Анисья. Только б не сходил он от нас.
Матрена. И не сойдет, ласточка. Все глупость одна. Старика моего ведашь. Ум у него вовсе расхожий, а тоже другой раз заберет что в башку, как колом подопрет, никак не выбьешь.
Анисья. Да с чего взялось-то дело это?
Матрена. А видишь ли, ягодка, — малый, сама знаешь, до баб какой, да и красин, нечего сказать. Ну жил он, ведашь, на чугунке, а там у них девчонка-сирота — в куфарках жила. Ну и стала вязаться за ним девчонка эта.
Анисья. Маринка?
Матрена. Она, паралик ее расшиби. Ну и было ли что, нет ли, только и дознайся мой старик. От людей ли, или сама она ему наклявузничала!..

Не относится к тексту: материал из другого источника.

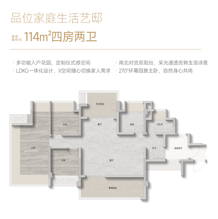 多功能入户花园,定制仪式感空间;LDKG一体化设计,X空间随心切换家人需求;南北对流双阳台,采光通透流转生活诗意;270°环幕园景主卧,自然身心共鸣。在繁华之中,归于内心的从容。
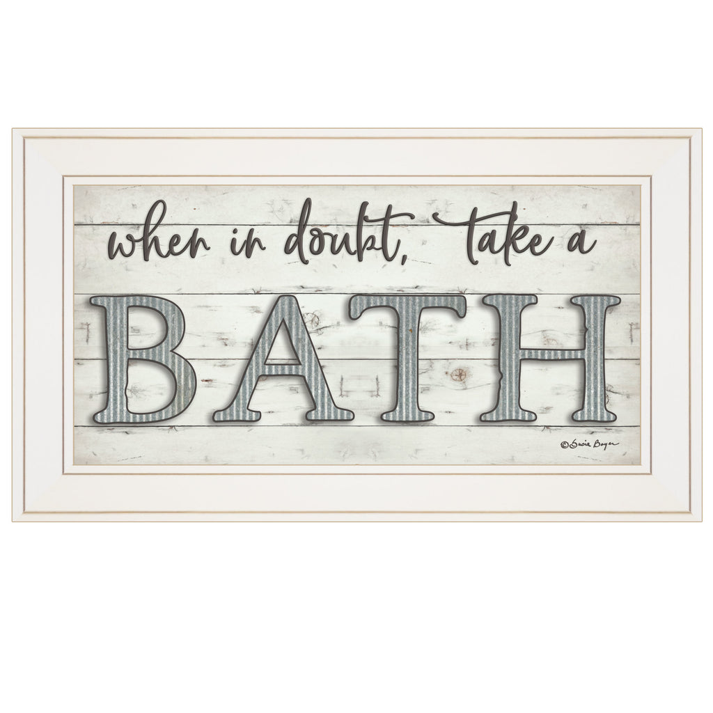 BOY449-226G "When in Doubt Take a Bath" by artisan Susie Boyer. This decorative white framed 1-pc (21x12) of print for the bathroom: When in doubt, take a Bath! These have white custom made frames; Framed print has a UV coating (glass is not needed) and arrives ready to hang. Made in USA. •Women Owned (WBE)•Textured Artwork with a 'rolled on' acid free acrylic coating to create a canvas painting effect. No glass is necessary.•UV protectant coating protects artwork from fading.•Molding adds natural beauty to the framed art. Frame is keyholed for ease of hanging.•Frame is keyholed for ease of hanging.

Анисья. Смелая же какая, подлюга!
Матрена. Вот и поднялся мой-то, дурья голова: женить, говорит, да женить, грех покрыть. Возьмем, говорит, малого домой да женим. Разговаривала всячески. Куды тебе! Ну, думаю, ладно. Дай по-иному поверну. Их, дураков, ягодка, все так-то манить надо. Всё в согласье как будто. А до чего дело дойдет, сейчас на свое и повернешь. Баба, ведашь, с печи летит, семьдесят семь дум передумает, так где ж ему догадаться. Что ж, говорю, старичок, дело хорошее. Только подумать надо. Пойдем, говорю, к сынку да посоветуем с Петром Игнатьичем. Что он скажет? Вот и пришли.
Анисья. О-ох, тетушка, как же так? Ну, как отец-то велит?
Матрена. Велит? А веленье-то его псу под хвост. Уж ты не сумлевайся, не бывать этому делу, я сейчас с твоим стариком все дела просею, процежу, ничего не останется. Я и пошла с ним — один пример сделать. Как же сынок в счастье живет, счастья ждет, а я за него потаскуху сватать стану. Что ж, я дура, что ль.
Анисья. Она и сюда к нему бегала, Маринка-то. Веришь ли, тетушка, как сказали мне, что женить его, как ножом по сердцу полоснуло меня. Думаю, в сердце она у него.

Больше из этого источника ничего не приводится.